5. Vital Arsenault

Vital Arsenault, son of Eustache Arsenault and Marguerite Poirier, was born on 28 September 1822. On 23 January 1842, he married Natalie Barriault from Maximeville, daughter of Jean-Charles Barriault and Marguerite Robichaud. Born in Saint-Louis-de-Kent N.B., on 16 June 1820, she was a first cousin of Mgr. Marcel-Frangois Richard, a well-known Acadian nationalist, who is remembered as the one who designed the Acadian flag. Sometime after her mother's death in 1829, Natalie moved to the Island with her father, brothers and sisters.

A few years after their marriage, Vital and Natalie settled in the "The Portage" (Urbainville) in Lot 16 where they became tenants by signing a 99 year lease with an absentee proprietor. By the 1861 census, they had used 17 years of their lease.

There once was in Urbainville, a small public road called "l'allée a Vital" (Vital's lane) which connected Routes 124 and 125. Not so long ago that old road was still used as a path on Alyre C. Arsenault's farm. Nearby there was also a spring called "la source a Vital" which is mentioned in a little song collected from Mrs. Obéline DesRoches of Miscouche. The ditty doesn't give a flattering picture of Natalie who, according to tradition, was not a very clean women. She made beer, says the song, but no one would drink it!

Natalie boudaingne Va-t-en faire ton train, Le soleil est tout bas Vital t'aidera pas.

A la source a Vital

Le monde va y boire, Natalie fait de la biére Personne veut la boire.

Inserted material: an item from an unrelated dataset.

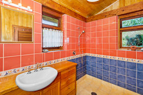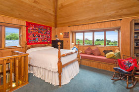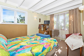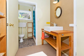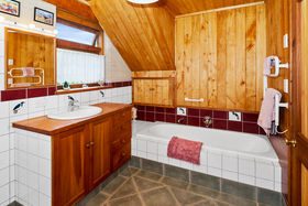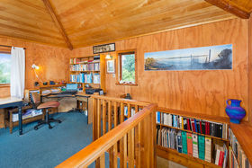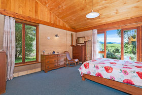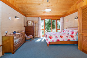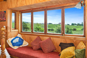 Bedrooms: There are four, inclusive of the sleepout bedroom. The spacious master bedroom with cathedral ceiling has a walk in wardrobe and modern ensuite with colourful tiled wet shower area, vanity and toilet. A second master bedroom and ensuite is the centrepiece of the granny flat occupying the east end of the house (Guest Wing, see below) The upstairs large (25m²) bedroom/study/multi purpose room (accessed by a wooden stairway) has great (4-way) views across the Hunua Ranges to the west, down the coast to the south and out across the Firth of Thames and the Coromandel ranges to the east and north (with wide bay window nook), It is serviced by a toilet and hand basin at the bottom of the stairs.

Between 1861 and 1881, Vital abandoned the land he had cleared in Urbainville and moved to Maximeville. He moved into his father-in-law's farmhouse, Jean-Charles Barriault.

Natalie gave birth to two girls, who died in infancy, and eight boys, four of whom married. Vital and Natalie spent their older years with their son Damien in Maximeville. Vital died in March 1895 (buried on the 29th), while his wife died at the age of 93 in February 1913 (buried on the 23rd). Aunt Matilda Richard remembers well her great grandmother Natalie who lived across the road: "She often came to visit us after we had moved into our new home. I remember that my mother would say: Here comes Grandma Natalie! She would then go out to meet her because she was quite old. She lived at my grandfather Damien's place. She had her own room there."